Records from a collection:
--
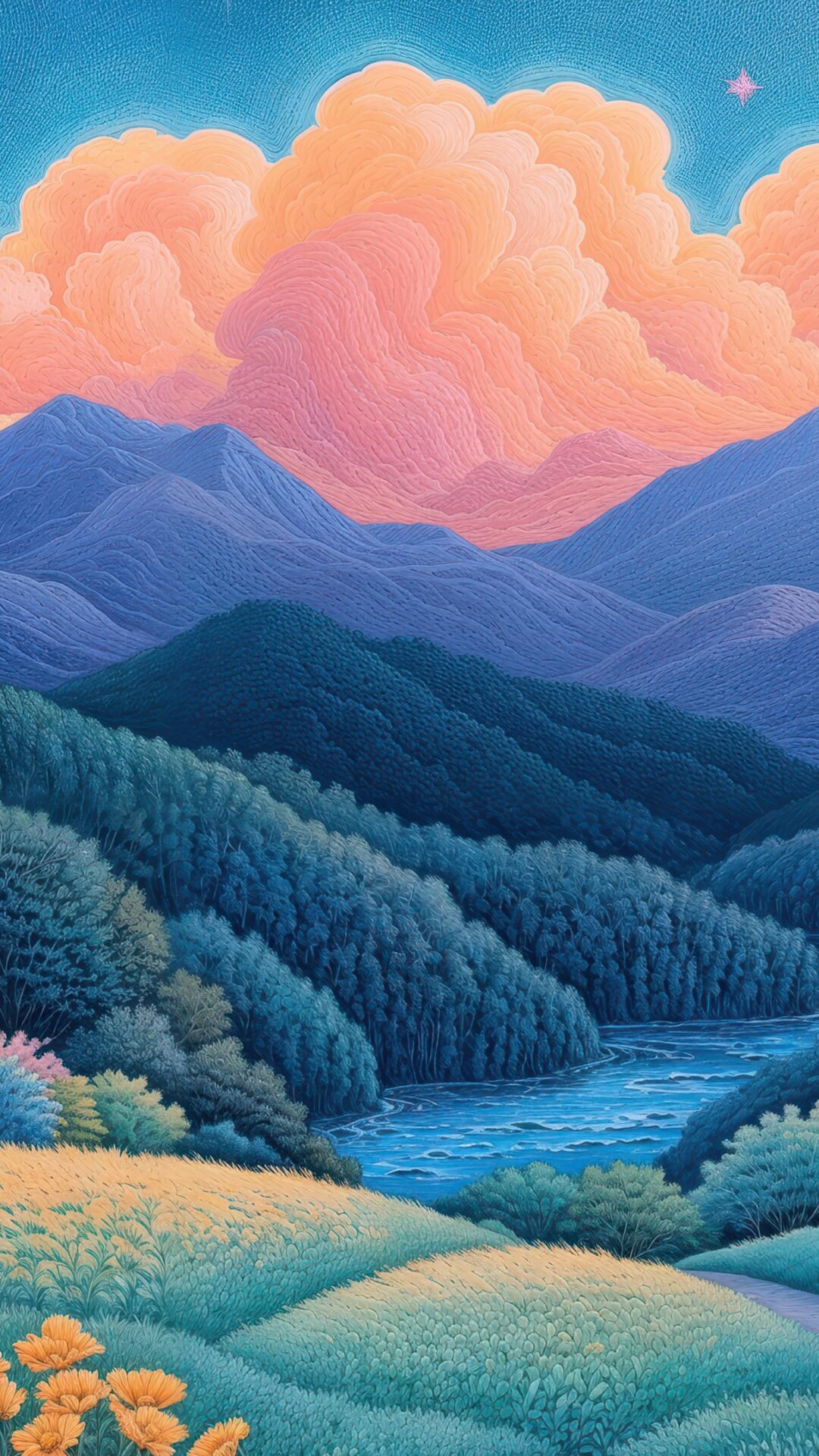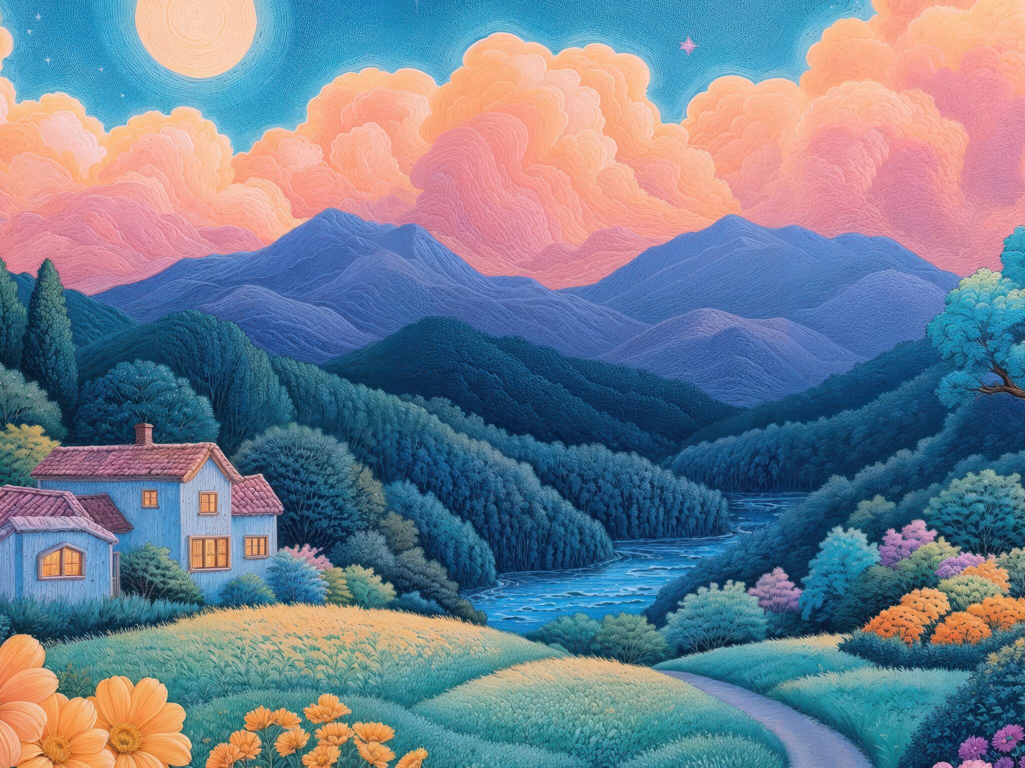 Rolling green hills dotted with vibrant orange and pink wildflowers fill the foreground, while a cozy house with glowing windows nestles amo
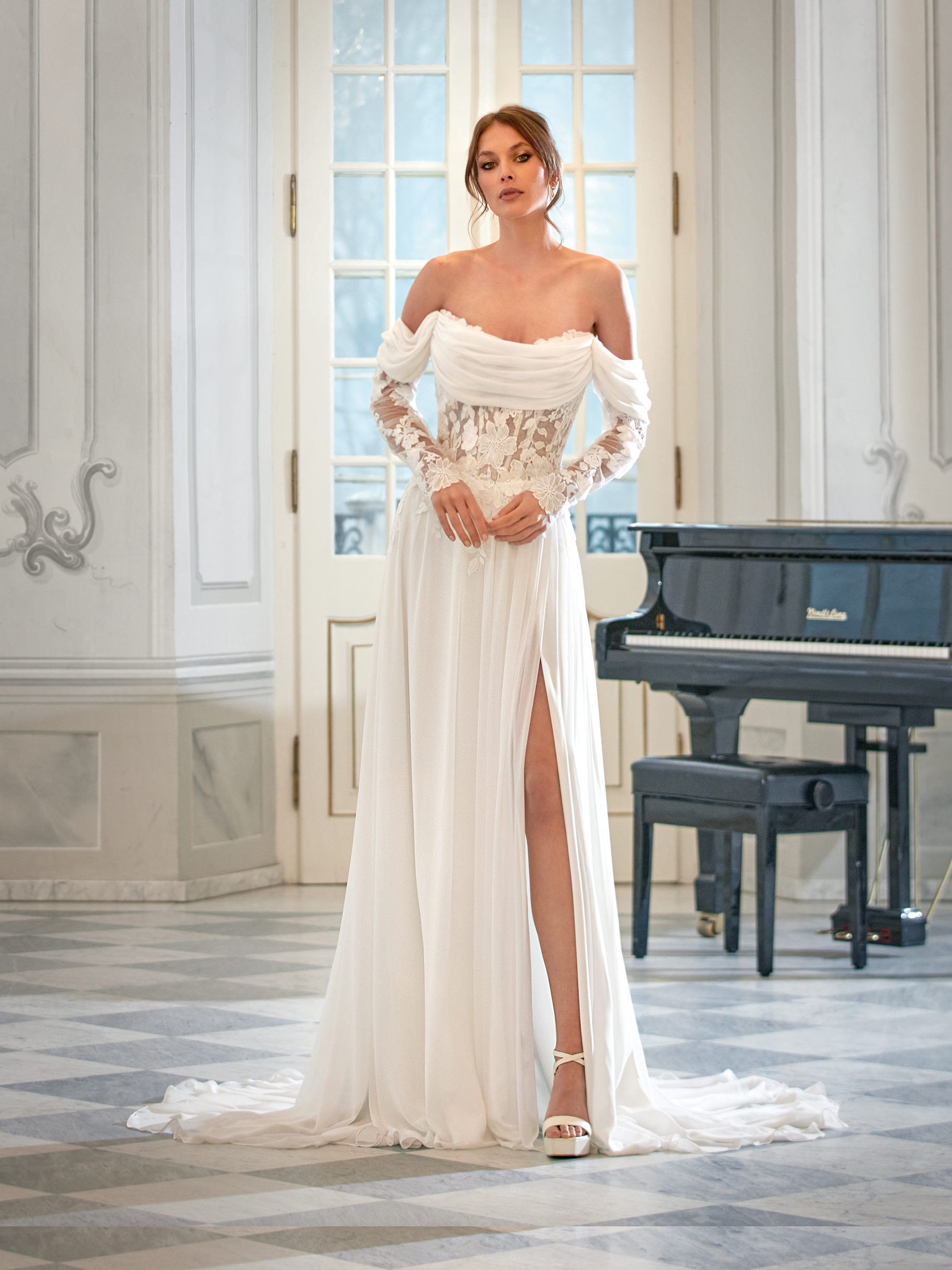 Nayeli is an exquisitely romantic wedding gown that blends timeless elegance with modern sensuality. The bodice features sheer panels and floral lace, embracing the figure and defining the waist. Draped off-the-shoulder sleeves soften the look, while the long lace sleeves bring a refined touch. The airy skirt flows effortlessly with a thigh-high slit and a delicate train. Nayeli is the perfect choice for the bride dreaming of a romantic moment with a bold twist.
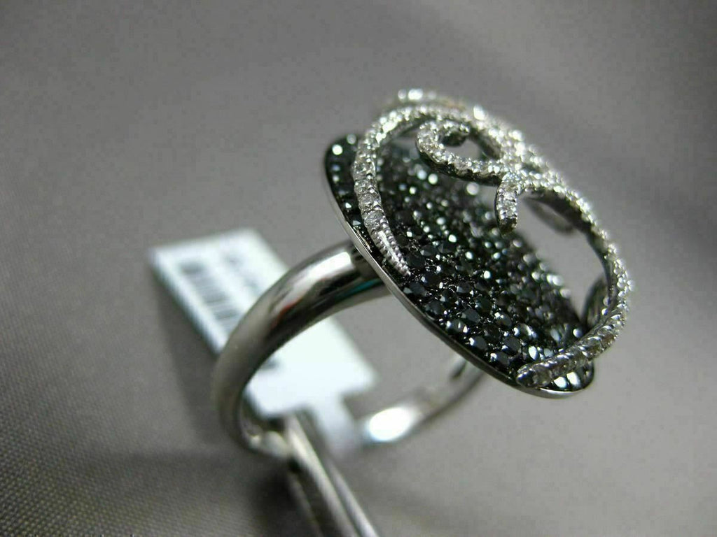 ESTATE LARGE 1.89CT WHITE & BLACK DIAMOND 18KT WHITE GOLD OVAL FILIGREE FUN RING
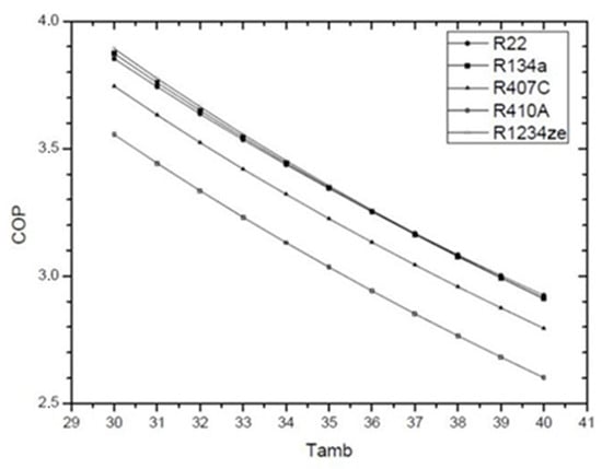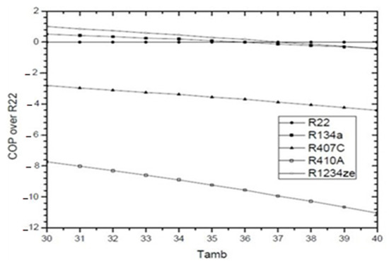 The augmentation of the ambient temperature causes COP variation compared to R22 from 0.52 to −0.41% and from 1.1% to −0.44% for R134a and R1234ze, respectively. This energy analysis proved that R1234ze shows the best energy performance among the considered working fluids compared to R22.
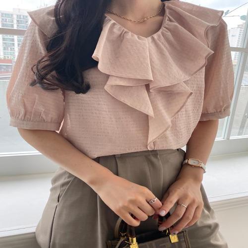 라운드 카라 프릴 블라우스 3COL / WBE3L03513
--
§ **About this task**:
Word-for-word copy, no pictures: write out the entries above in full.

§ **Task response**:
 Rolling green hills dotted with vibrant orange and pink wildflowers fill the foreground, while a cozy house with glowing windows nestles amo
 Nayeli is an exquisitely romantic wedding gown that blends timeless elegance with modern sensuality. The bodice features sheer panels and floral lace, embracing the figure and defining the waist. Draped off-the-shoulder sleeves soften the look, while the long lace sleeves bring a refined touch. The airy skirt flows effortlessly with a thigh-high slit and a delicate train. Nayeli is the perfect choice for the bride dreaming of a romantic moment with a bold twist.
 ESTATE LARGE 1.89CT WHITE & BLACK DIAMOND 18KT WHITE GOLD OVAL FILIGREE FUN RING
 The augmentation of the ambient temperature causes COP variation compared to R22 from 0.52 to −0.41% and from 1.1% to −0.44% for R134a and R1234ze, respectively. This energy analysis proved that R1234ze shows the best energy performance among the considered working fluids compared to R22.
 라운드 카라 프릴 블라우스 3COL / WBE3L03513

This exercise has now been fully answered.